Problem to work on> With the pictures left out, print exactly the lines below that run from the one containing "Make invisible lemon-juice" through the one containing "商品管理人员、订单处理人员、".

Dataset>
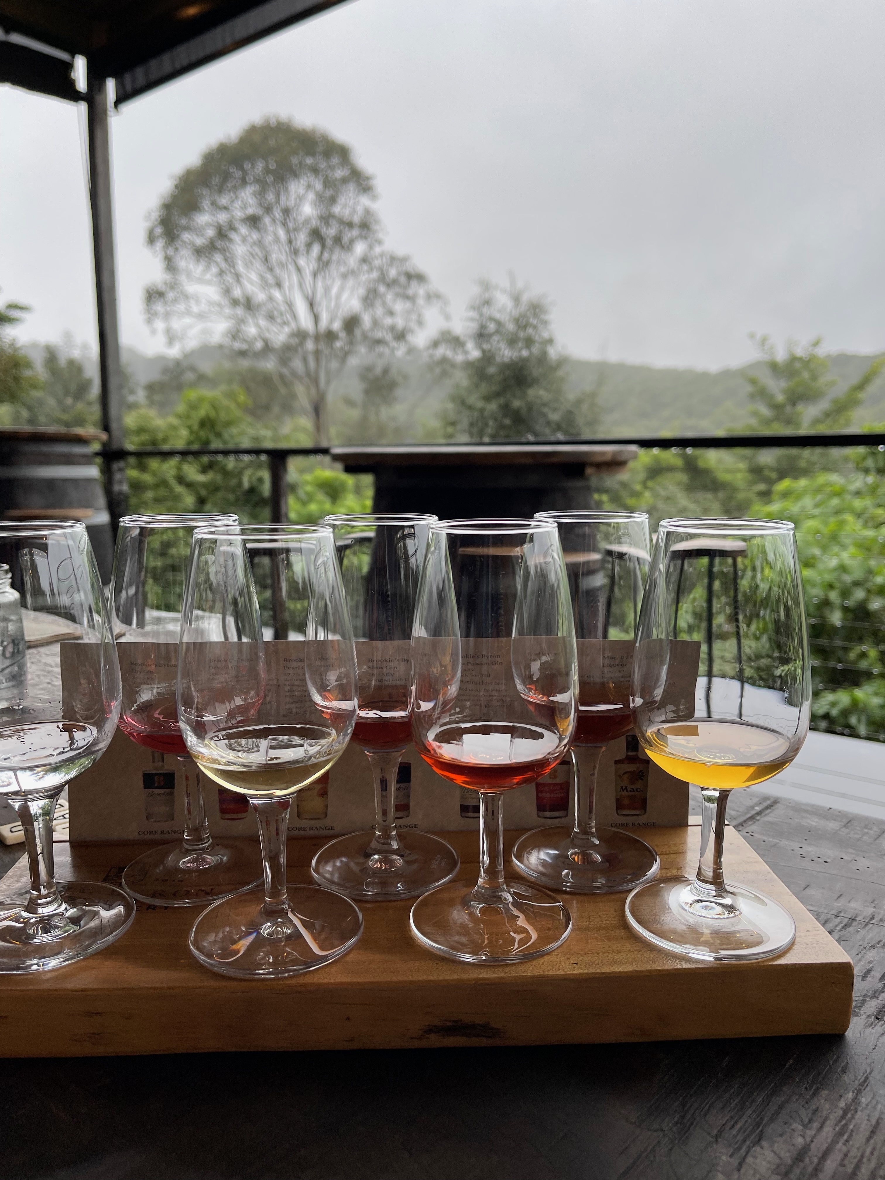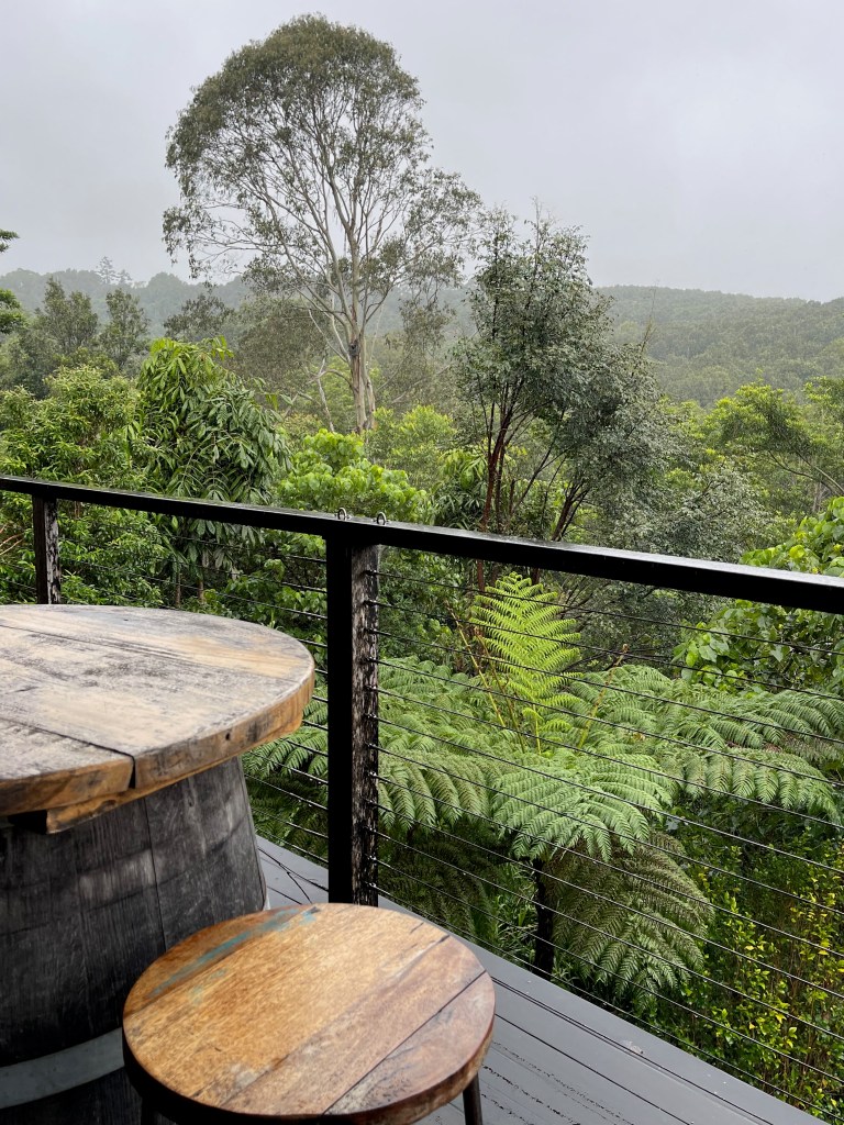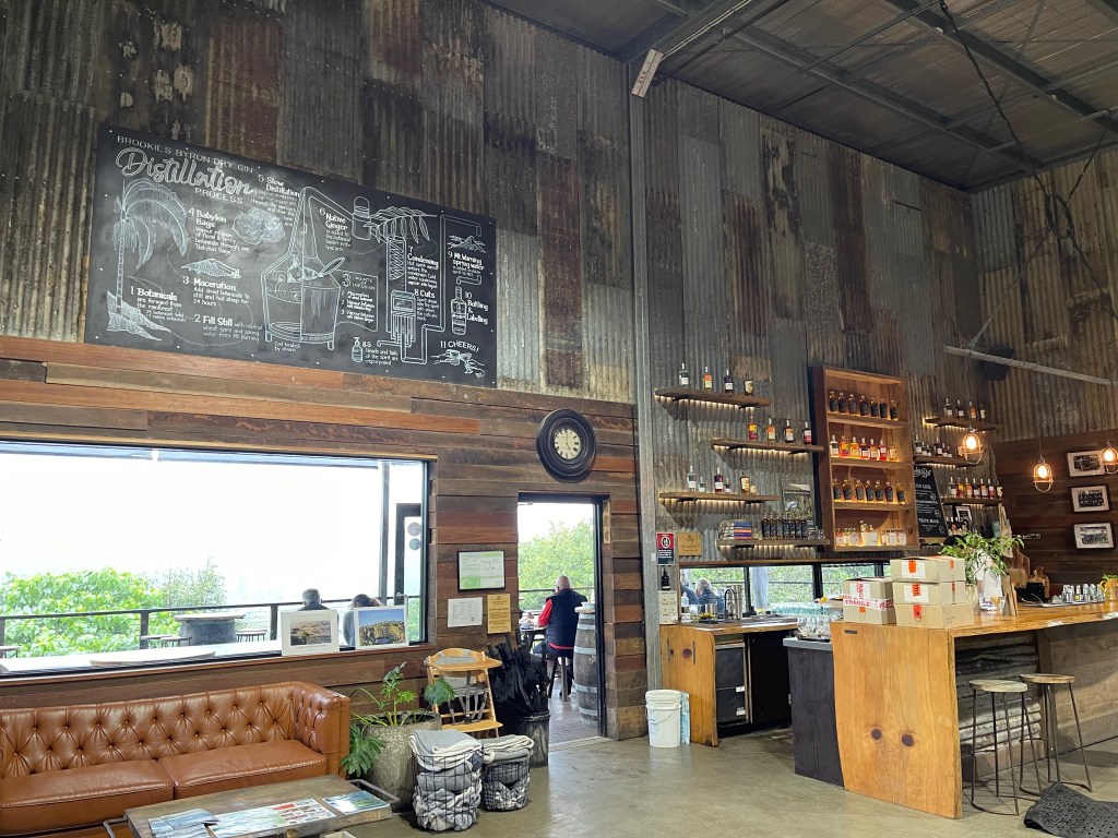 Cape Byron Distillery is in a lovely rainforest setting on the road out towards Bangalow, and today, with the rain softly falling, was quite magical. Or was that the gin? Sarah said when she was last there, one of the resident koalas was in a tree just off the deck. Sadly, he didn’t come to visit today.
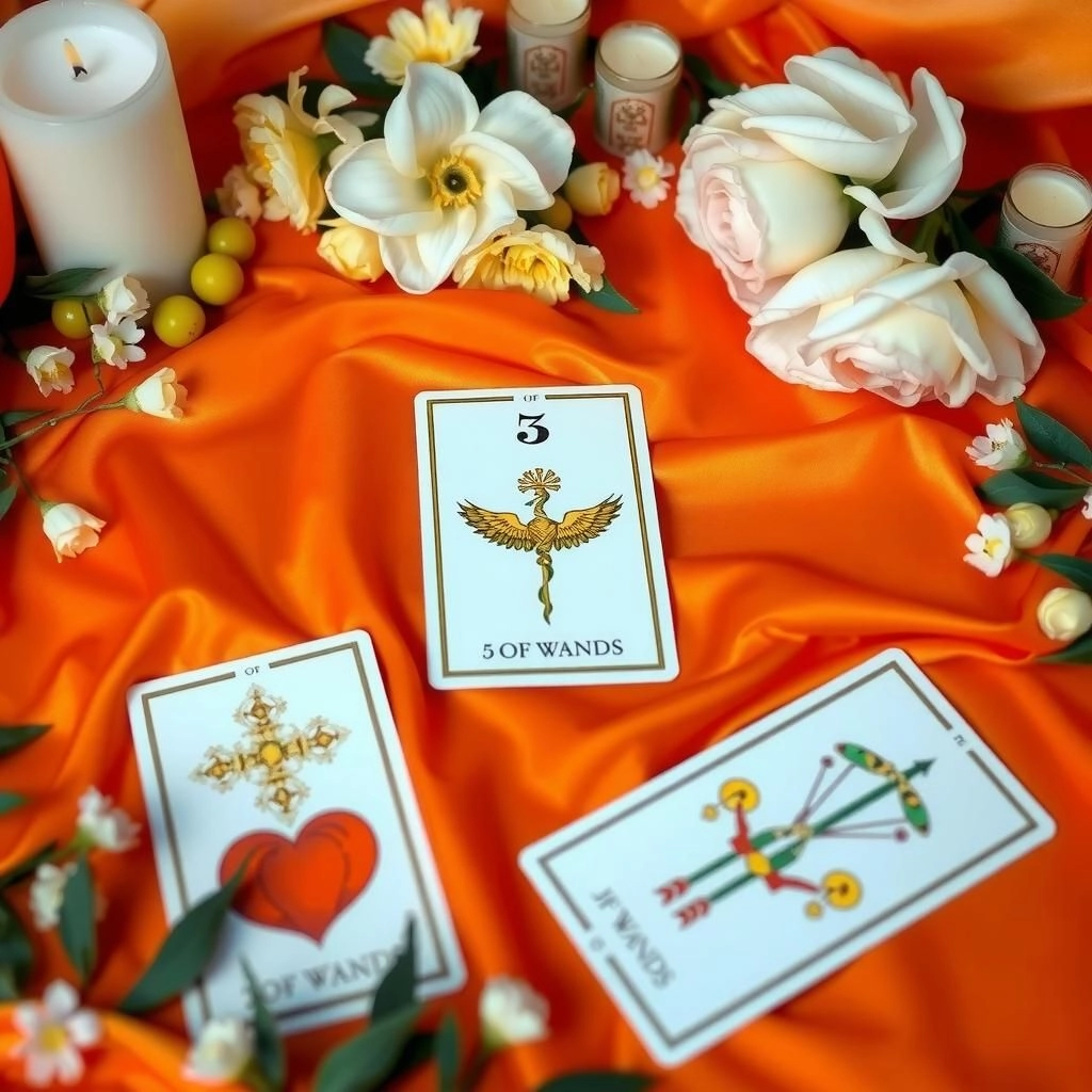 Глубокий анализ: На более глубоком уровне Пятёрка Пентаклей говорит о том, что, несмотря на его интерес (как показано в Тройке Жезлов), он может испытывать неуверенность в себе или в ситуации. Возможно, он боится, что его усилия не будут оценены, или чувствует себя эмоционально уязвимым, что сдерживает его инициативу. Эта карта может также указывать на то, что он переживает некий внутренний кризис или ощущение "недостаточности" (например, думает, что не может предложить Вам достаточно). Его желание добиваться Вас есть, но страх отвержения или потери может заставлять его действовать осторожно или даже отступать временами. Для того чтобы он продолжил добиваться Вас, ему, вероятно, нужен знак уверенности с Вашей стороны.
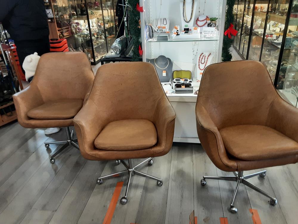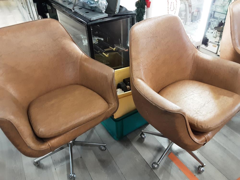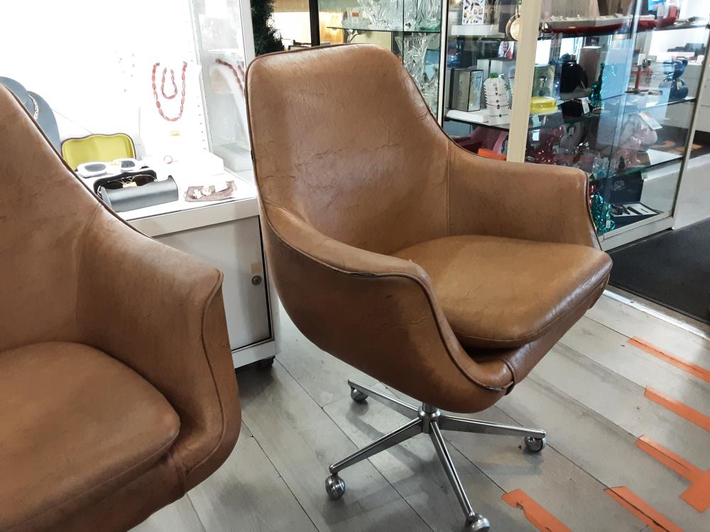 FAUTEUIL SIMILI CUIR BRUN SUR ROULETTES A RESTAURER
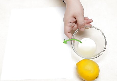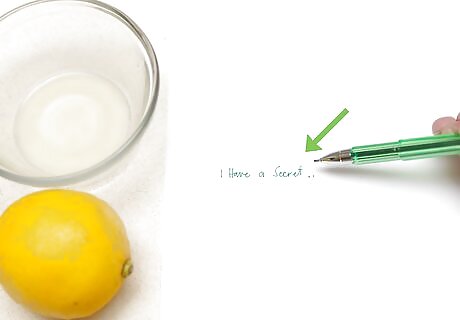 Make invisible lemon-juice ink. Fresh lemon juice goes onto paper clear, but turns dark when heated due to oxidation. Squeeze about half a lemon into a bowl and add a few drops of water. This will be your ink.
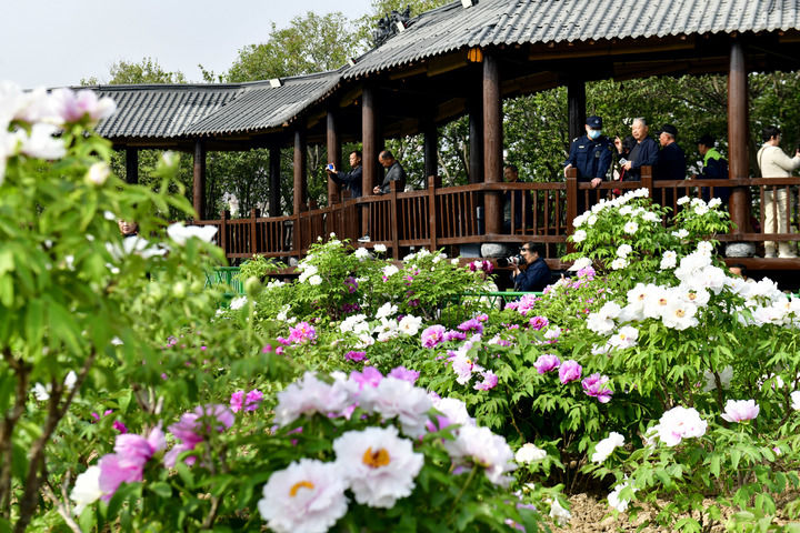 4月8日,在菏澤市曹州牡丹園,盛開的牡丹吸引游客駐足欣賞。 新華社記者 郭緒雷 攝
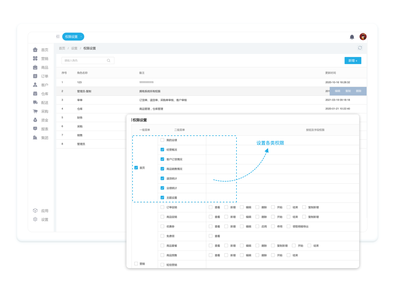 商品管理人员、订单处理人员、库管人员、采购人员、财务人员、销售主管、老板,系统权限都不同,销售业务人员归属的客户数据相互独立,而老板和销售主管可以看到所有业务员客户数据。
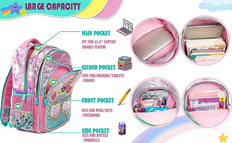 • 🧜‍♀️Recomendar idade: Para meninas entre 6-8 anos de idade. Esta linda mochila escolar é a escolha perfeita para seus filhos
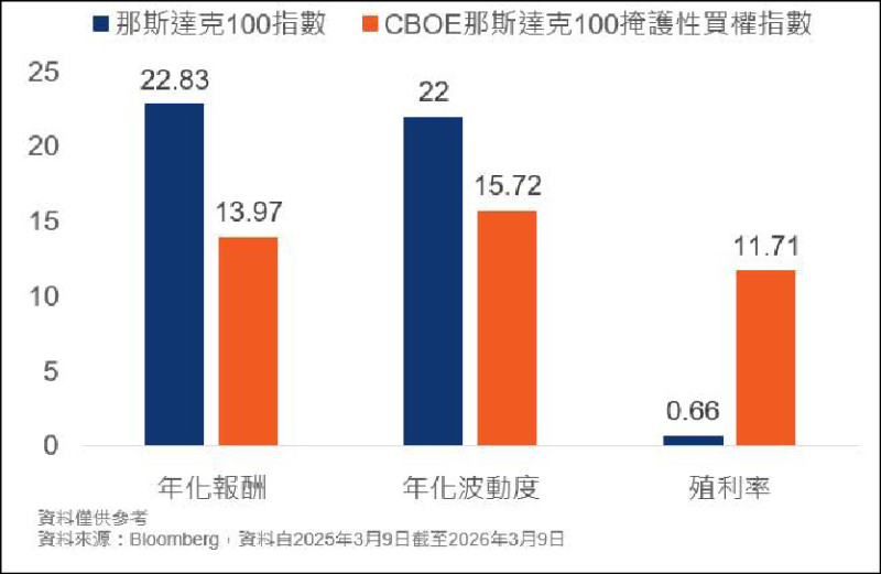 掩護性買權ETF透過持有股票或指數部位,同時賣出買權並收取權利金,以增加投資收益來源。由於多數資產仍配置於現貨資產,在權利金收入挹注下,部分產品具月配息及較高配息率的特色。相較單純持有股票資產,該策略在市場盤整或溫和上漲環境中可提供額外現金流,有助提升收益穩定度並降低投資組合波動。以那斯達克100指數及其相關掩護性買權指數為例,在掩護性買權策略帶動下,CBOE那斯達克100掩護性買權指數的年化波動度較那斯達克100指數降低,而殖利率則明顯提升,顯示此類策略有助降低投資組合波動並增加現金流。然而投資人亦需留意,在牛市環境下,由於賣出買權限制部分上漲空間,整體投資報酬可能相對受到壓抑。
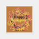 The design features a stunning watercolor wreath—a tapestry of yellow, gold, crimson, and pink brushstrokes—set against a rich, burnt orange/sienna background. This impressionistic foliage creates a warm halo around the holiday greeting: "Happy Thanksgiving," styled with a dark, classic "Happy" and a vibrant yellow script "Thanksgiving." The design is perfectly personalized with your family name underneath the wreath. These napkins are the customizable, high-style touch your Thanksgiving table setting needs, blending artistic flair with essential holiday practicality. They're a must-have for anyone searching for personalized autumn decor, watercolor holiday napkins, or customizable Thanksgiving table linens.

Output for this exercise>
 Make invisible lemon-juice ink. Fresh lemon juice goes onto paper clear, but turns dark when heated due to oxidation. Squeeze about half a lemon into a bowl and add a few drops of water. This will be your ink.
 4月8日,在菏澤市曹州牡丹園,盛開的牡丹吸引游客駐足欣賞。 新華社記者 郭緒雷 攝
 商品管理人员、订单处理人员、库管人员、采购人员、财务人员、销售主管、老板,系统权限都不同,销售业务人员归属的客户数据相互独立,而老板和销售主管可以看到所有业务员客户数据。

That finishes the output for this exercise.